Radical and significant alterations of state government — good and bad — are more likely to come from ballot propositions rather than the Legislature. Voters increasingly frustrated with Sacramento have turned more and more to the initiative process. A new example is a possible ballot measure for the June 2012 ballot.
Mark Bucher, a longtime Orange County political activist, filed the initiative with the state April 1 and told us he is assembling a bipartisan, "good-government coalition." He says the only way to reform the state is to limit both corporate and union influence. The initiative is currently being circulated in Orange County among potential supporters. It is written in a way that might tap into voter angst over the power of special interests in the Golden State.
The Stop Special Interest Money Now act would essentially restrict corporations and labor unions from making direct campaign contributions to candidates. It is a message with enough populist appeal that it might just energize voters.
According to stopspecialinterestmoney.org, the initiative's major provisions include:
• Prohibiting "corporate and labor union contributions to candidates";
• Banning "government contractors from contributing money to government officials who award them contracts";
• Disallowing "corporations and labor unions from collecting political funds from employees and union members using the inherently coercive means of payroll deduction";
• Making political contributions strictly voluntary.
If a measure with such provisions became law, it would change the electoral landscape in the state.

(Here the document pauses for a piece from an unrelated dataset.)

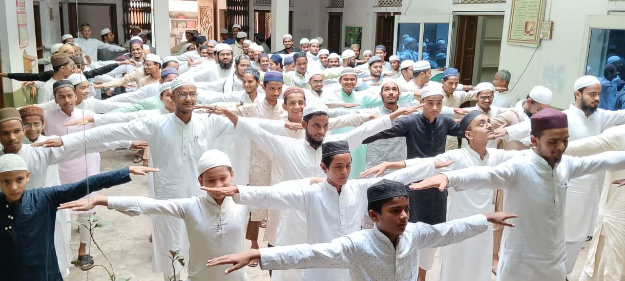 योग की महत्ता को स्वीकार करते हुए निरोग रहने के लिए मुस्लिम समुदाय के बीच भी योग दिवस का आयोजन खूब लोकप्रिय हो चुका है. पीएम नरेंद्र मोदी के संसदीय क्षेत्र वाराणसी में योग दिवस के मौके पर मदरसों में भी योग दिवस का आयोजन किया गया. अंतरराष्ट्रीय योग दिवस पर मदरसों व मुस्लिम बाहुल्य क्षेत्रों को छतों और मैदानों पर योग का प्रशिक्षण दिया गया. शिक्षकों ने छात्र-छात्राओं को योग करके निरोग रहने की प्रैक्टिस कराई. इस दौरान छात्रों के समक्ष योग्य प्रशिक्षक के निर्देशन में विभिन्न योग की मुद्राओं में योग करके निरोग रहने की साधना और परंपराओं का निर्वहन कर समाज में स्वस्थ्य रहने के प्रयासों और आयोजन की महत्ता पर भी मंथन किया गया. मदरसे में सुबह की शुरुआत ही छात्राओं ने प्रार्थना व योग करके की. मदरसे के शिक्षकों और मौलवियों के निर्देशन में योग की परंपराओं का निर्वहन कर छात्र भी खुश नजर आए.

Voters are becoming more keenly aware of the entrenched power of special interests in the state government. It is no secret that there appears to be a correlation between campaign spending and laws approved by the Legislature. The Stop Special Interest Money website notes two disconcerting statistics, as reported by the San Jose Mercury News: 40 percent of bills in the state are "sponsored by special interest lobbyists, and these bills are more than twice as likely to become law."
It's too early to judge the impact on political speech — so much campaign money now goes to issue advocacy ads and does not go directly to candidates. But the initiative looks as though it will correct some of the operational abuses in how political dollars are collected.
The measure's success, though, will hinge on the scope of the coalition assembled to back it.